Electromagnetic Waves • Topic 3 of 3

The Electromagnetic Spectrum

The electromagnetic spectrum is the complete range of electromagnetic waves, ordered by wavelength (or equivalently frequency), from long-wavelength radio waves to ultra-short gamma rays. Every part of the spectrum is the same kind of wave — they all travel at $c$ in vacuum and obey $c=f\lambda$ — and they differ only in wavelength and frequency. As wavelength shrinks, frequency rises and so does the energy of each photon ($E=hf$), which is why X-rays and gamma rays are far more penetrating and dangerous than radio waves.

The relation $c=f\lambda$ ties the whole spectrum together: a higher frequency always means a shorter wavelength. There are no sharp boundaries between the bands; they overlap and are named by how they are produced and used. Going from the longest to the shortest wavelength:

Radio waves ($\lambda>0.1\ \text{m}$, $f<10^{9}\ \text{Hz}$): produced by oscillating currents in antennas (accelerating charges in conductors). Used for radio and television broadcasting, and in mobile and satellite communication. AM/FM radio and TV signals are radio waves.
Microwaves ($\lambda\sim1\ \text{mm}$ to $0.1\ \text{m}$, $f\sim10^{9}$–$10^{11}\ \text{Hz}$): produced by special vacuum tubes such as klystrons and magnetrons. Used in RADAR, satellite and mobile communication, and in microwave ovens (they make water molecules in food vibrate).
Infrared (IR) ($\lambda\sim700\ \text{nm}$ to $1\ \text{mm}$): produced by hot bodies and vibrating molecules. We feel it as heat. Used in night-vision devices, TV remote controls, physiotherapy, and weather and Earth-observation satellites. IR is sometimes called heat radiation.
Visible light ($\lambda\sim400$–$700\ \text{nm}$): the only part our eyes can detect, produced by atoms and molecules during electron transitions and by hot objects. It runs from violet (shortest) to red (longest) and lets us see the world.
Ultraviolet (UV) ($\lambda\sim10$–$400\ \text{nm}$): produced by very hot bodies such as the Sun and by special UV lamps. It causes sunburn and is used to sterilise surgical instruments and water. The ozone layer absorbs most solar UV, protecting life.
X-rays ($\lambda\sim0.01$–$10\ \text{nm}$): produced when high-speed electrons are suddenly stopped by a metal target. They penetrate soft tissue and are used in medical imaging and in studying crystal structure (X-ray diffraction).
Gamma rays ($\lambda<0.01\ \text{nm}$, highest frequency): emitted by radioactive nuclei and in nuclear reactions. They are the most penetrating and energetic, used to treat cancer (radiotherapy) and to sterilise medical equipment.

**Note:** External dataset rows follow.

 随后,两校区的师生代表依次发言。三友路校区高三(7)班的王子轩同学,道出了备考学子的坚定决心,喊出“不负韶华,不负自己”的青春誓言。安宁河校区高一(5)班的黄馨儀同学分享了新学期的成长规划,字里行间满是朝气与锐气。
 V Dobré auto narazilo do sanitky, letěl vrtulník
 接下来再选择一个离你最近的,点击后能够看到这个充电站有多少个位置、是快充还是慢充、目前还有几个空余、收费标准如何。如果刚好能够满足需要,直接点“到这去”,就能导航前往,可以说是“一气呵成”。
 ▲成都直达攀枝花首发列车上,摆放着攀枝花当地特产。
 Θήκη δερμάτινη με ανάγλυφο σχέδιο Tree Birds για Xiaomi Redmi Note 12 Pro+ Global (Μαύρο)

A memory aid. In order of increasing frequency (decreasing wavelength): Radio, Microwave, Infrared, Visible, Ultraviolet, X-ray, Gamma. A common mnemonic is Roman Men Invented Very Unusual X-ray Guns. All these waves share the same speed $c$ in vacuum — only their wavelengths and frequencies (and hence photon energies and uses) differ.

Solved Examples

Worked Example

A microwave oven operates at a frequency of $2.45\ \text{GHz}$. Find the wavelength of the microwaves. ($c=3\times10^{8}\ \text{m/s}$.)

Solution

Step 1: Use $\lambda=\frac{c}{f}$.
Step 2: $\lambda=\frac{3\times10^{8}}{2.45\times10^{9}}$.
Step 3: Compute: $\lambda\approx0.122\ \text{m}=12.2\ \text{cm}$.

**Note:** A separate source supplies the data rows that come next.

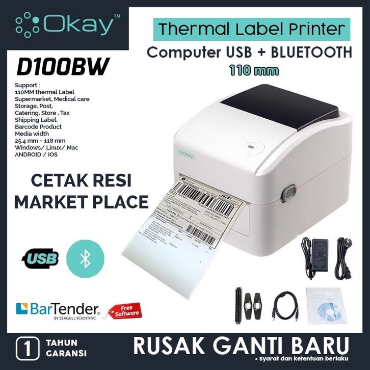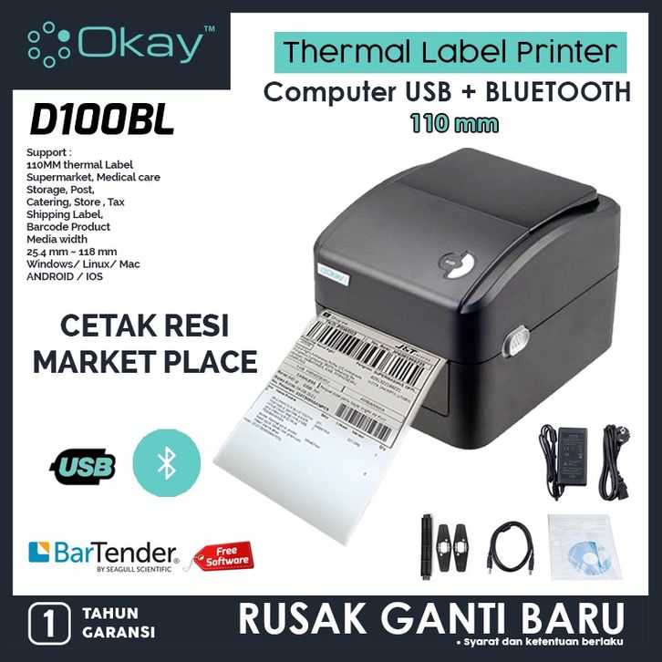 Printer Resi / Printer / OKAY D100 BW BL Printer label pengiriman barcode thermal Max Sticker A6 110mm Printer Resi
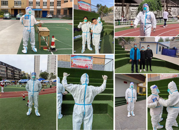志愿者们严格按照疫情防控工作要求和社区工作安排,规范执行分配的各项疫情防控工作。从5月10日起,他们脱下了实验服,穿起了“大白”服,换了一身衣服,用另一种身份,履行起了疫情防控的责任。每天早晨6时前,志愿者们会分别早早到达新宁路小学和锦程嘉苑小区的核酸检测点,积极帮助工作人员搭建帐篷、布置检测台和场地、进行现场消杀等,提前做好现场检测的准备工作。采样工作开始后,又继续进行居民引导、检测秩序维持、现场防控提醒等工作。
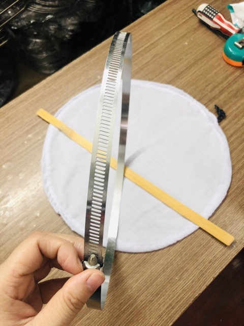 Bộ dụng cụ tráng bánh cuốn chuyên nghiệp bao gồm: 1 đai xiết inox 201, 1 miếng vải , 1 que lấy bánh hàng chất lượng cao . Rất thuận tiện cho việc tráng và lấy bánh , đai xiết giữ cố định mỗi lần căng vải tiện lợi , nhanh và dễ dàng.Vải căng được làm bằng vải Kate vơi thiết kế thông minh, với dây rút kết hợp với 1 lỗ luồn que căng vải giúp ta dễ dàng căng vải.
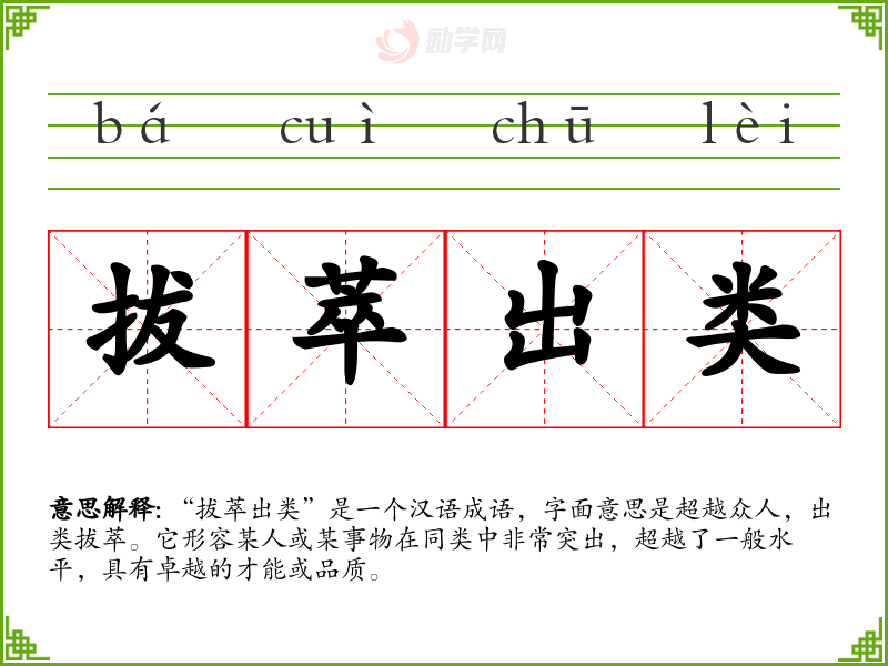“拔萃出类”源自《孟子·公孙丑上》:“出于其类,拔乎其萃。”原意是指从众多的草木中拔出最优秀的一株,后来引申为形容人或事物在同类中非常突出。
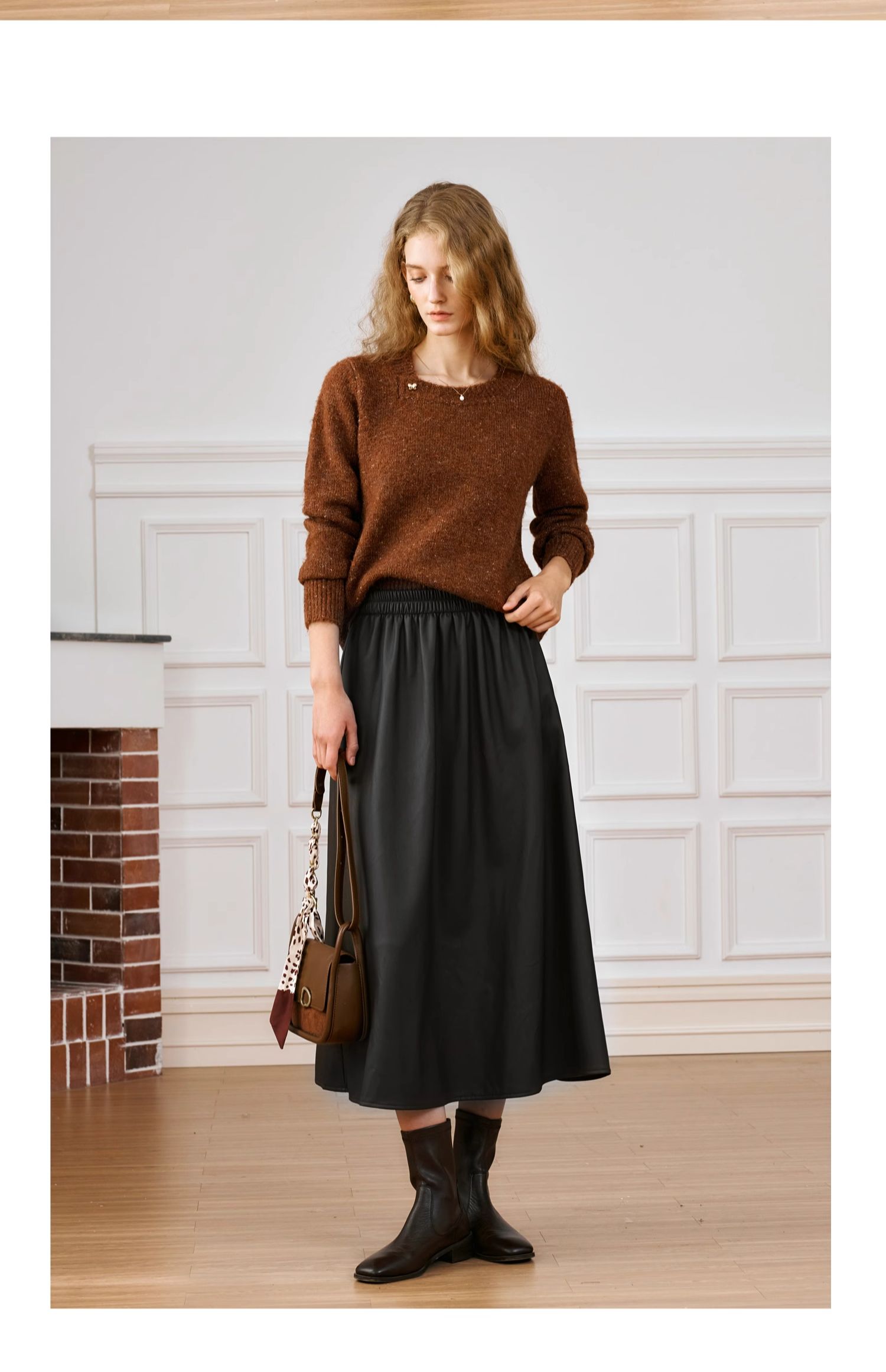OLrain欧芮儿法式半身裙女冬季2024新款名媛高级百搭伞形中长半裙
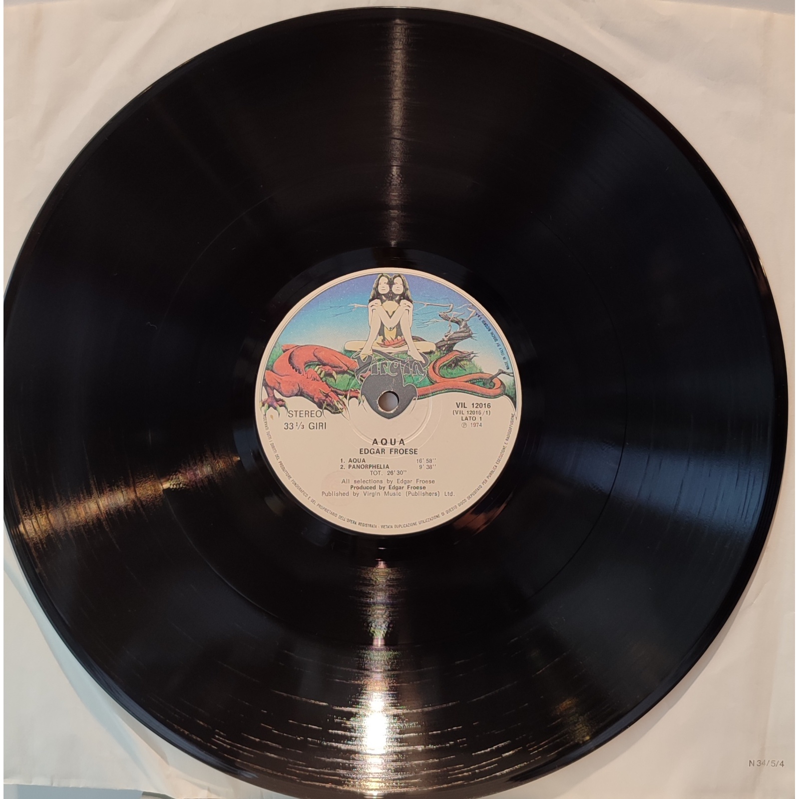 Prima edizione italiana, in vinile di seconda mano, del primo album da solista di Edgar Froese, fondatore dei Tangerine Dream,"Aqua".
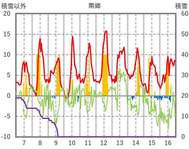 | 日 | 時 | 気温 | 降水 | 風向/風速 | 日照 | 積雪 | 降雪 |
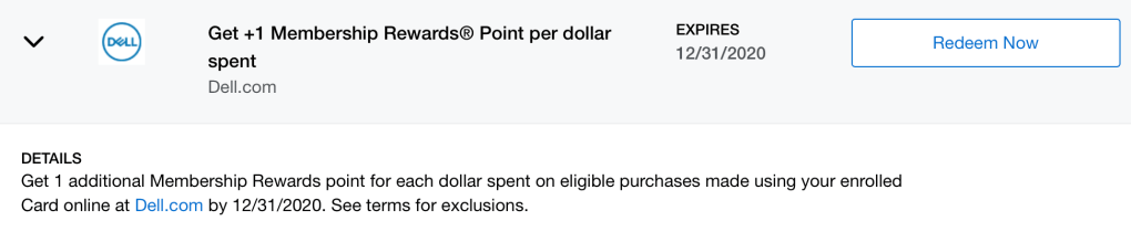 I wanted to make a purchase from Dell Computers and I had two different Amex offers. The offer on the Marriott Bonvoy Card was:
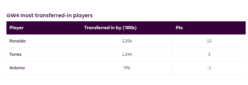 Cristiano Ronaldo (តម្លៃ ១២.៥ លានផោន) បានផ្តល់រង្វាន់ភ្លាមៗសម្រាប់កំណត់ត្រាអ្នកគ្រប់គ្រង Fantasy Premier League រហូត ២,២ លាននាក់ ដែលបានផ្ទេររូបគេចូលមកក្នុងក្រុម ខណៈ Ronaldo រកបាន ២ គ្រាប់ ក្នុងជ័យជម្នះក្នុងលទ្ធផលបច្ចេកទេស ៤-១ លើក្រុម Newcastle United។

Answer: $\lambda\approx12.2\ \text{cm}$.

Worked Example

Green light has a wavelength of $550\ \text{nm}$. Find its frequency. ($c=3\times10^{8}\ \text{m/s}$.)

Solution

Step 1: Use $f=\frac{c}{\lambda}$ with $\lambda=550\times10^{-9}\ \text{m}$.
Step 2: $f=\frac{3\times10^{8}}{550\times10^{-9}}$.
Step 3: Compute: $f\approx5.45\times10^{14}\ \text{Hz}$.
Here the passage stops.